Remedies vary. A legislature might expand coverage by a mandate; an executive might add a rider to the company policy; both contrivances allow the well-off to keep their golf clubs and have hearing aids, too. Either approach may create a tragedy next year, when some employees cannot afford the increased premium required, and thus lose their insurance entirely. Such solutions are counterproductive.

The problem is, commercial benefits are not adjusted to the means of beneficiaries. Their benefits and exclusions apply equally to the rich and the poor. Might some refinement of this system be possible? Could commercial insurers install mechanisms for income and asset testing into their precertification processes? Besides weighing “medical necessity” and “coverage,” why not also test “ability to bear the out-of-pocket cost of a coverage exclusion?”

Surveying commercial plans on this issue has been informative and disheartening, but not because the concept is difficult or the principle somehow disagreeable. Rather, the impediments are practical. Collecting financial eligibility data and acting upon them in a timely and consistent way would be a gargantuan undertaking requiring a colossal work force and informational infrastructure. Auditing for accuracy, safeguarding confidentiality, and setting standards for eligibility are all problematic and expensive. Ultimately, the yield in equity for the relatively small group affected can’t justify adding such overhead to the whole system, plan by plan.

Still, every state has agencies that surmount these difficulties on a daily basis. Means testing is integral to every public assistance program. What if partnerships could be formed between commercial carriers and the public agencies with the experience and bureaucracy required to operate such programs? This problem of marginal benefit coverage is one seam along which public and private interests might join.

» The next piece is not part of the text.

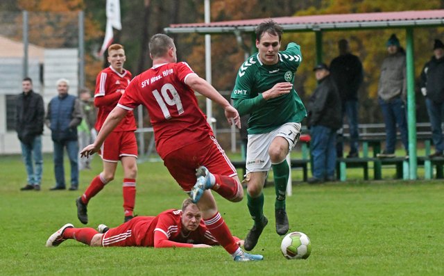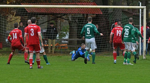 Nach der Pause kamen die Nordwestmecklenburger besser ins Spiel und bei einem starken Konter über Nick Heymann segelte ein Volleyschuss von Marcel Behm nur knapp am Pfosten vorbei. Ungemein wichtig war das zweite Tor der Grün-Weißen, das Hannes Komoss nach guter Vorarbeit von Marcel Behm erzielte. Der Torjäger ließ Nils Nowak mit einer schnellen Drehung ins Leere schliddern und bei seinem Schlenzer ins lange Eck war Paul-Friedrich Kornfeld erneut machtlos. Der SFV Nossentiner Hütte gab sich dennoch nicht geschlagen und holte sich nach 2 weiteren Großchancen durch den freistehenden Björn Rupprich den Anschlusstreffer. Damit wurde die letzte Viertelstunde noch einmal so richtig spannend, aber der FC Schönberg 95 konnte den knappen Vorsprung letztlich sicher über die Zeit bringen.
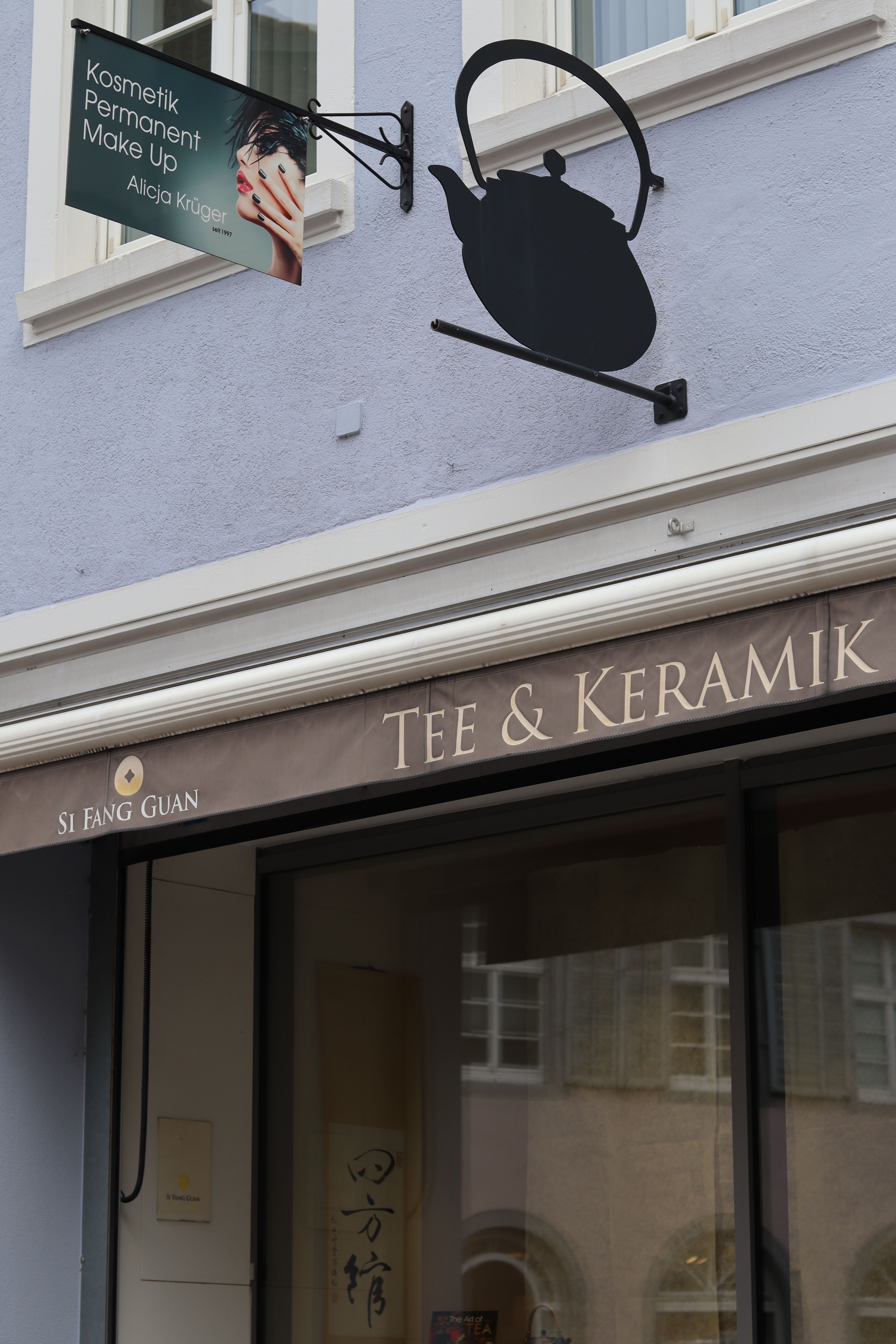 Keramiken auf einem Holztisch in einem Ausstellungsraum. An der Wand hängt eine Kalligrafie. Durch das Fenster sind Gebäude zu sehen.

Is this possible? Do examples of public/private collaboration of this sort exist? (Oregon — where are you?) Let’s hear your suggestions, anecdotes, and advice.

Michael S. Victoroff, M.D., is medical director for Aetna U.S. Healthcare of Colorado. He had practiced family medicine for 19 years and has served on numerous hospital and organizational ethics committees. He also chairs the committee on medical informatics of the Colorado Medical Society. The author’s opinions do not necessarily represent opinions or policies of Aetna U.S. Healthcare, its management or its employees.